Sixty students attended Student Senate’s Town Hall November 5 to discuss parking, food, green initiatives, financial aid, and program elimination with a panel of administrators.
“We’re in the second year of a two-year strategic plan,” said Dr. Michael Droge, president of Park University. “We’re hoping to have our 5-year plan in place by 2012. Basically, the plan determines what Park wants to be when Park grows up, over the next few years at least.”
The strategic plan includes optimizing the physical resources of each campus.
“The Master Plan committee will deal with modifying existing buildings and whether we need new facilities,” said Thimios Zaharopoulos, interim provost and vice president of academic affairs. “It deals with parking, classrooms, and unused and underused halls like Hawley Hall and Herr House.”
Zaharopoulos said each of the strategic planning committees will have student representation, most likely from Student Senate.
“Those committees aren’t going into a room and cooking up a plan and that’s it,” said Dr. Droge. “It will be interactive, with web and Senate and surveys. Students will be involved.”
Besides investigating physical campus improvements, the strategic plan deals with improving curriculum to insure each student graduates with a global perspective, as well as streamlining the offered programs.
“It’s a state initiative to examine under performing degree programs,” said Dr. Droge. “At Park, it’s our initiative to do reviews of every program. Does anyone enroll in it? Do they graduate? What is the cost-benefit ratio?”
One recently reviewed program that won’t be cut is the legal studies major. Dr. Droge said the major won’t be cut because it has been helpful for pre-law students and doesn’t cost the school anything. However, Park also will not be investing additional resources and marketing into the program, as it is not a required prerequisite for law school. A less fortunate degree was the recently eliminated theater major.
“The major only existed for a couple years,” Zaharopoulos said. “Now it’s a minor again. We only had 11 students in the major, so the faculty asked that we cut it to a minor. We plan to help the program as a minor, especially as the BA now requires one. Theater teaches a number of skills, and we intend for it to compliment an education.”
Other recently eliminated degrees include bachelor of arts degrees in the science department, which have been replaced by bachelor of science degrees. According to Dr. Droge, proposed additions to the degree offerings include a bachelor of arts in nursing and a liberal studies major called university interdisciplinary studies, intended as a secondary major for transfer students with too many electives from other institutions.
It’s not just the academic departments that have money worries, however. Students have filed more than twice as many special circumstances aid requests as last year, according to Carla Boren, director of student financial services,
“We do have a healthy endowment and we have been working on developing an internal fund,” said Boren. “There is an application website open. Donors have all sorts of requests as far as major, ethnicity, and geographics. We have to be good stewards and balance what we’re giving. You as students should also be looking for outside resources.”

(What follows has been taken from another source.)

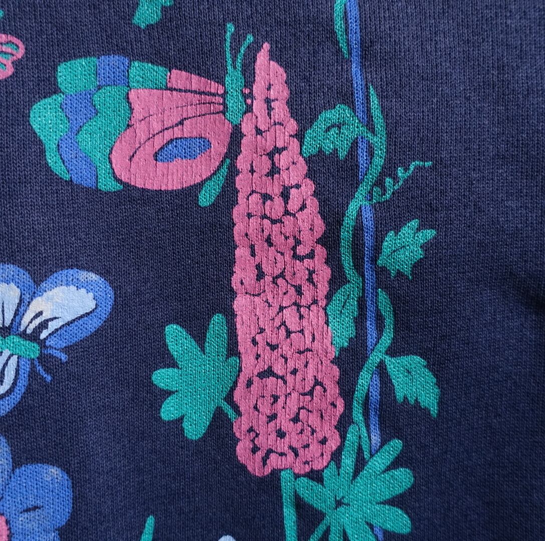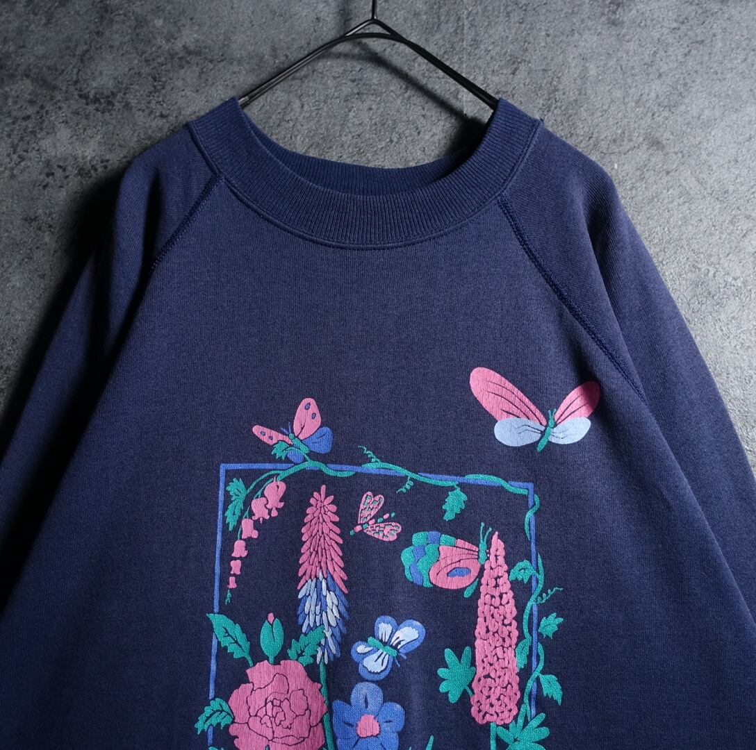 90s "Hanes" Navy Flower & Butterfly Art Print Design Sweat

Dr. Droge said most students have an average of a 37% reduction on tuition because of scholarships.
Boren said about 3-5% of Park’s endowment is spent on scholarships each year, in order to let the majority of the funds continue to earn interest and fund the next year’s scholarships. The endowment is made up of donations to the university. The office of university advancement is fundraising donations from alumni to expand the endowment.
“I went to school on need-based scholarships, so I understand,” said Dr. Droge. “Students are the best ambassadors for the university. There will be opportunities for students to tell their stories so donors understand the benefits we’ll get from those donations.”
Dr. Droge advised any students who wish to help with fundraising efforts to contact the office of university advancement.
Boren said the financial aid department is doing what it can to support students who don’t qualify for need-based aid but whose parents aren’t paying either. She encouraged students to visit the financial aid office to ask for help when they need it.
“Unfortunately, until you are 24, an orphan or veteran, or have been abused as verified by a third party, you’re a dependent student,” said Boren. “We can’t make a parent pay a bill. We do have to have the data. That’s where you come in and tell us what your needs are. We want you to be here!”
Student senators noted that the rising cost of room and board, as well as the mandatory meal plan for residential students, has resulted in many more commuter students than in the past.
Zaharopoulos agreed that student opinions would be listened to for cafeteria and meal plan improvement.
“The issue is more complex than it seems,” said Zaharopoulos. “It’s an issue that affects staff and faculty, too. But it sounds like we’re losing students and we will be following up on that.”
The room and board rates are not yet decided on for next year, nor are tuition rates. Dr. Droge said the rates will raise, but he doesn’t expect it to be a huge impact on students. He will be at the Student Senate meeting on Friday, November 19 at 12:30pm in the Louise Morden Board Room to hear student opinions before making a final decision.